• Task input:
=== Begin Enclosure ===

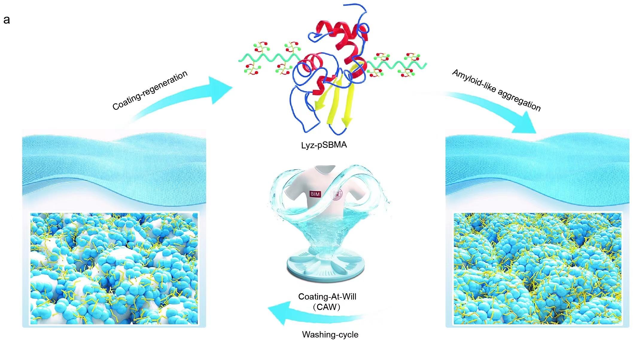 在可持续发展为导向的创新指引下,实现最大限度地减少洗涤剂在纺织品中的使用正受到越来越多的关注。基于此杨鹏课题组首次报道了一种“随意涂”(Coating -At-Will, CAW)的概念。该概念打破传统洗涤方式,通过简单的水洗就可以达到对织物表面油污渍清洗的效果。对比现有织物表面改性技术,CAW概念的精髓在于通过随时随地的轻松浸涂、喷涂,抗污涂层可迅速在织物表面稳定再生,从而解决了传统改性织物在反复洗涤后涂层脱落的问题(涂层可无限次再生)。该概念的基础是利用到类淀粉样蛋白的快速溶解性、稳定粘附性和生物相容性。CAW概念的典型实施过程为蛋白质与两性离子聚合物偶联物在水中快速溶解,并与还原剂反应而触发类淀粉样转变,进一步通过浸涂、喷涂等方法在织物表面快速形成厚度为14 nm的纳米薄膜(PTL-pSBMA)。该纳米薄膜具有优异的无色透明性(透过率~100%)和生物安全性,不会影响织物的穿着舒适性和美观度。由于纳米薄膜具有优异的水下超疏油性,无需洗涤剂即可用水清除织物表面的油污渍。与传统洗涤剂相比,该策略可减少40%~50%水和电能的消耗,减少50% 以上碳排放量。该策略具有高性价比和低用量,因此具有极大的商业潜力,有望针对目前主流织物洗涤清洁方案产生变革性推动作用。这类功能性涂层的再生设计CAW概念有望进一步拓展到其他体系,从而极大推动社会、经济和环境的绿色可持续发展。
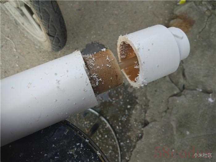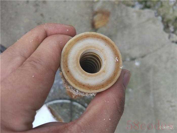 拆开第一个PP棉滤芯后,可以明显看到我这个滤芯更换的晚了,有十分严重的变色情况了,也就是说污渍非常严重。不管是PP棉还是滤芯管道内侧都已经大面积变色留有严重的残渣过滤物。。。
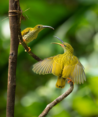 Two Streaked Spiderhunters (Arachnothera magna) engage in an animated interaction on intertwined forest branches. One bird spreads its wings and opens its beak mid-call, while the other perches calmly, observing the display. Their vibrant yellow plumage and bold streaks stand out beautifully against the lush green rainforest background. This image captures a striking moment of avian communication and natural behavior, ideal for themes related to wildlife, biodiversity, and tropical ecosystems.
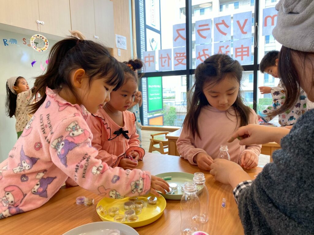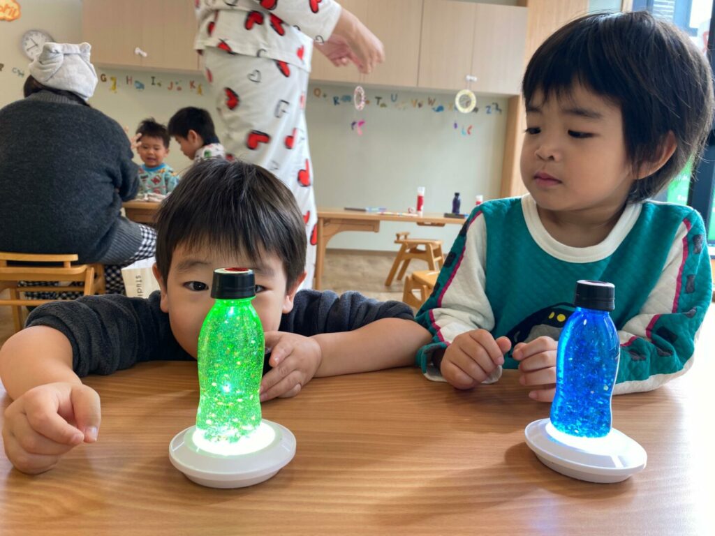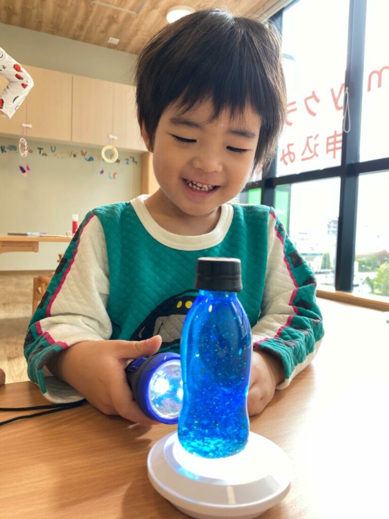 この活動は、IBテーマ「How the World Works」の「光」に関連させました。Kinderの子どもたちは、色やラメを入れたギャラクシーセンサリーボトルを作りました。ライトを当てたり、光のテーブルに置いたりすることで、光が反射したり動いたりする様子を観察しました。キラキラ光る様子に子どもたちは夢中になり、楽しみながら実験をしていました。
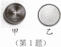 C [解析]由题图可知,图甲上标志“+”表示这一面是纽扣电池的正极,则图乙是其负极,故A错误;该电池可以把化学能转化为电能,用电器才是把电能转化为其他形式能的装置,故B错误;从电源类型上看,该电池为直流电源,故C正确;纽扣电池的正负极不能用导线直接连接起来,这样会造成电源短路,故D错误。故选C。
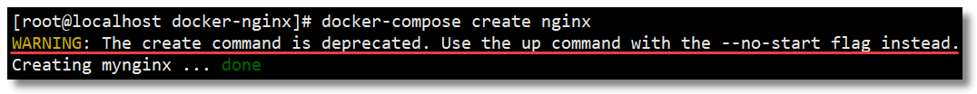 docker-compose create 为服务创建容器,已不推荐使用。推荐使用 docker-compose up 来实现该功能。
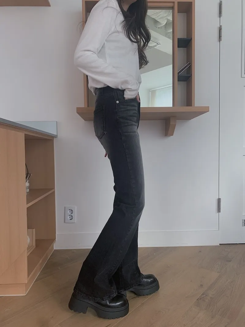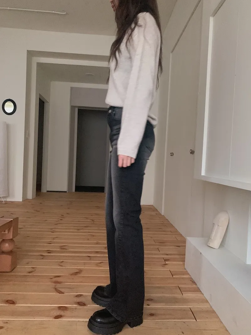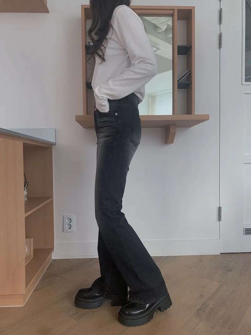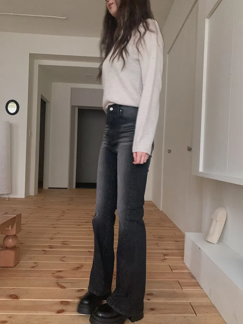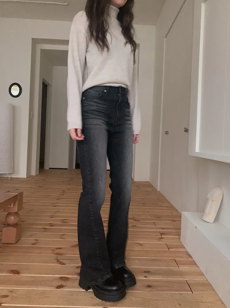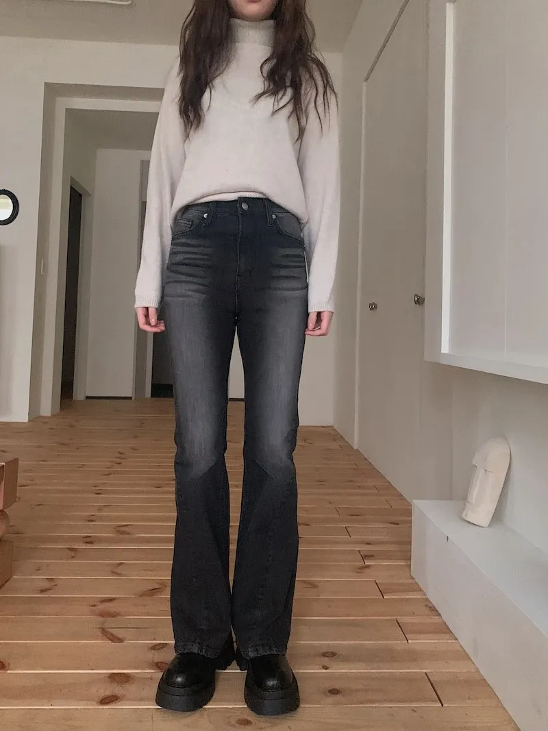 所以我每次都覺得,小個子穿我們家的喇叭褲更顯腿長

=== End Enclosure ===
=== Begin Enclosure ===

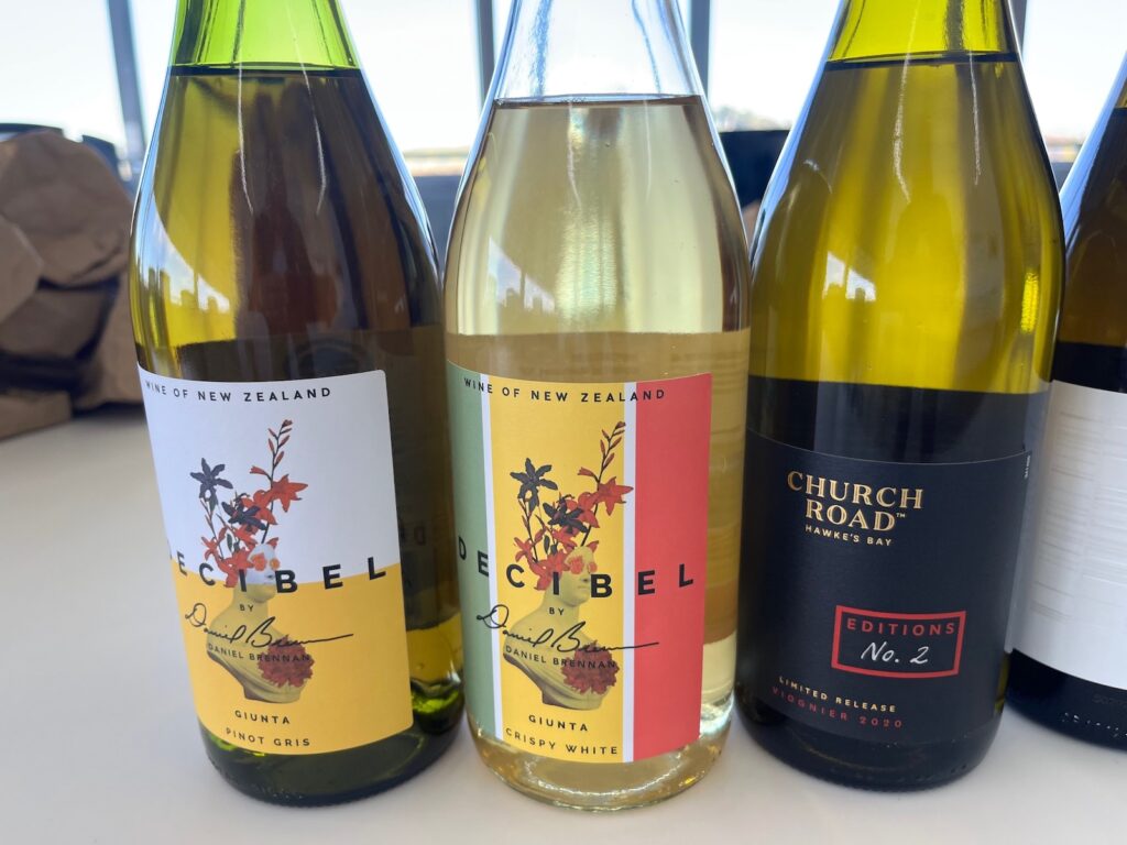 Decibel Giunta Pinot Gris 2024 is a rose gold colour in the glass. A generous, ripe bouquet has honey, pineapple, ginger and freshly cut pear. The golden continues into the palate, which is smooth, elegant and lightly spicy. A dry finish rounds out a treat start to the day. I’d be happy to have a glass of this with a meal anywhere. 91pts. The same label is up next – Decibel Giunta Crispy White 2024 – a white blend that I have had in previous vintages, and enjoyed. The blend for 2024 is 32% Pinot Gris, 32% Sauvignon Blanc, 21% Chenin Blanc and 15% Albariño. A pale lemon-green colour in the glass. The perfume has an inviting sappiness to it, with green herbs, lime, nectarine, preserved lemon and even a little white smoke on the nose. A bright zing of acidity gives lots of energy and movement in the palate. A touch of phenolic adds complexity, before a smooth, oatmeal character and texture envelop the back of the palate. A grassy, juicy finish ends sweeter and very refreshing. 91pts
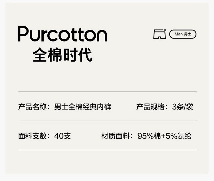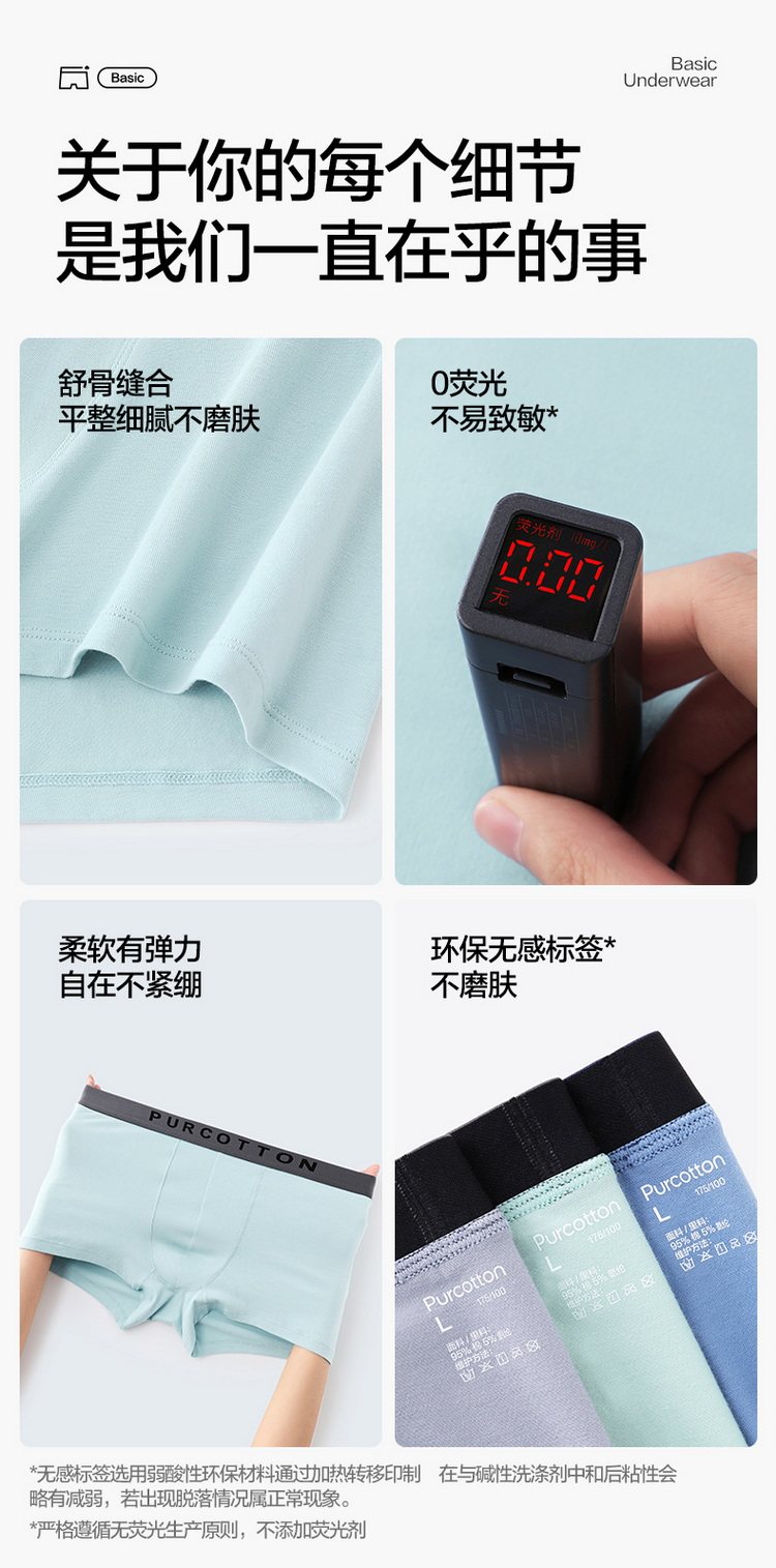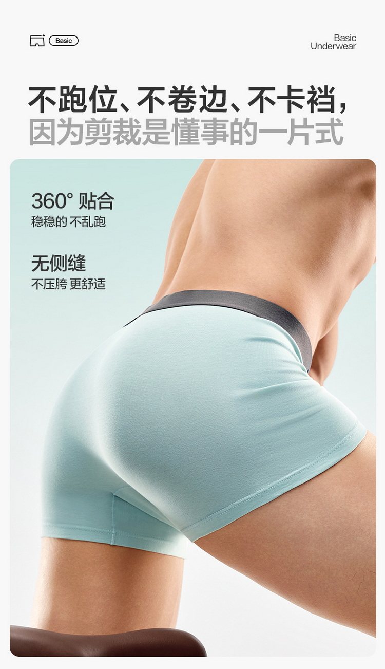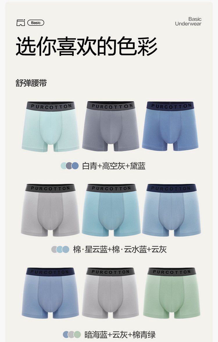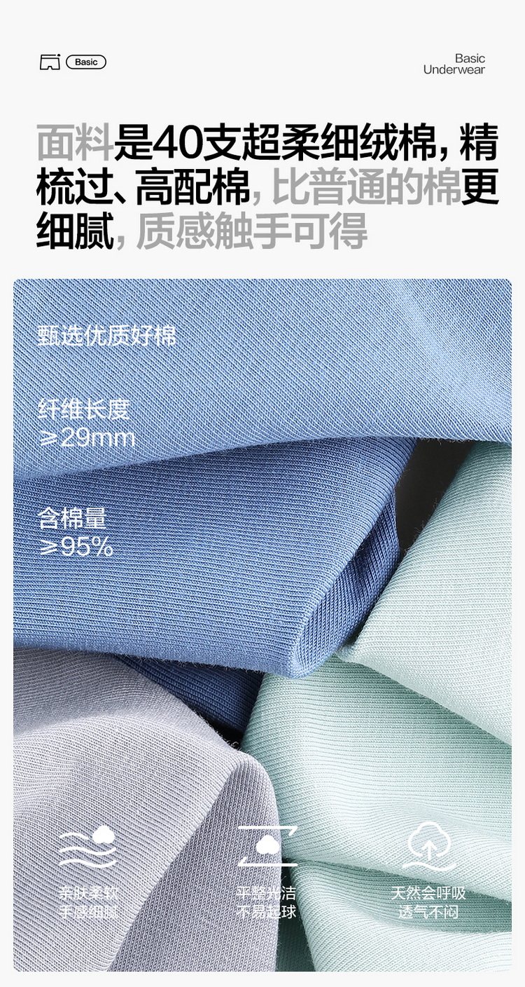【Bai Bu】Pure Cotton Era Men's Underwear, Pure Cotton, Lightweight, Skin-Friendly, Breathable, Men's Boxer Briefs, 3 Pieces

=== End Enclosure ===
=== Begin Enclosure ===

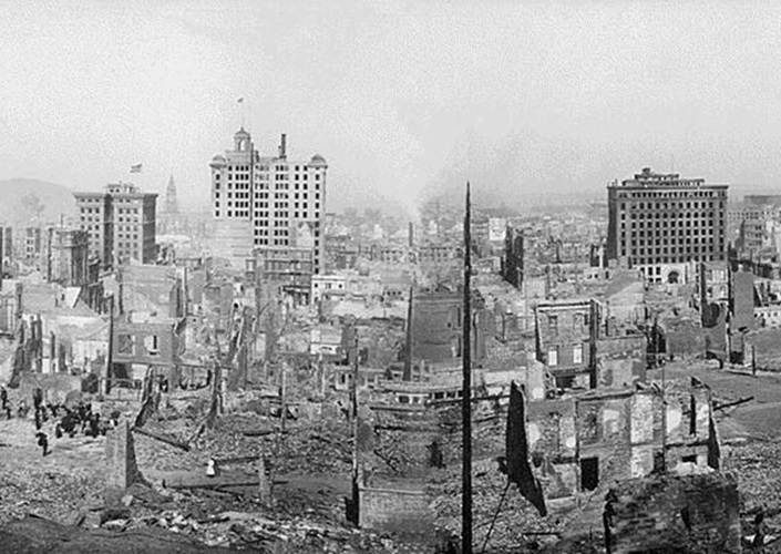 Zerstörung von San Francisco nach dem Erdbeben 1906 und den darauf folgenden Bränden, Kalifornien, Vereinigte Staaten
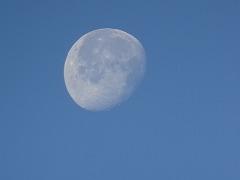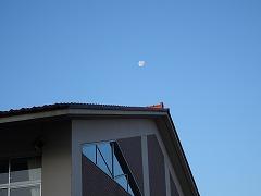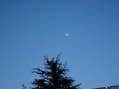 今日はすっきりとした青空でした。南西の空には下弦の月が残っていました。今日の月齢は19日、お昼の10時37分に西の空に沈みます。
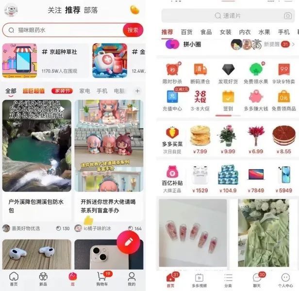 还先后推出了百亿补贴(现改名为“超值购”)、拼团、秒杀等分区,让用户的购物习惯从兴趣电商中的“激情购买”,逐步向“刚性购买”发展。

=== End Enclosure ===

• Work order:
Going by the data above, the answer is exactly the lines from the one holding "Decibel Giunta Pinot" to the one holding "Briefs, 3 Pieces", both kept, with the pictures left out.

• Answer to this exercise:
 Decibel Giunta Pinot Gris 2024 is a rose gold colour in the glass. A generous, ripe bouquet has honey, pineapple, ginger and freshly cut pear. The golden continues into the palate, which is smooth, elegant and lightly spicy. A dry finish rounds out a treat start to the day. I’d be happy to have a glass of this with a meal anywhere. 91pts. The same label is up next – Decibel Giunta Crispy White 2024 – a white blend that I have had in previous vintages, and enjoyed. The blend for 2024 is 32% Pinot Gris, 32% Sauvignon Blanc, 21% Chenin Blanc and 15% Albariño. A pale lemon-green colour in the glass. The perfume has an inviting sappiness to it, with green herbs, lime, nectarine, preserved lemon and even a little white smoke on the nose. A bright zing of acidity gives lots of energy and movement in the palate. A touch of phenolic adds complexity, before a smooth, oatmeal character and texture envelop the back of the palate. A grassy, juicy finish ends sweeter and very refreshing. 91pts
【Bai Bu】Pure Cotton Era Men's Underwear, Pure Cotton, Lightweight, Skin-Friendly, Breathable, Men's Boxer Briefs, 3 Pieces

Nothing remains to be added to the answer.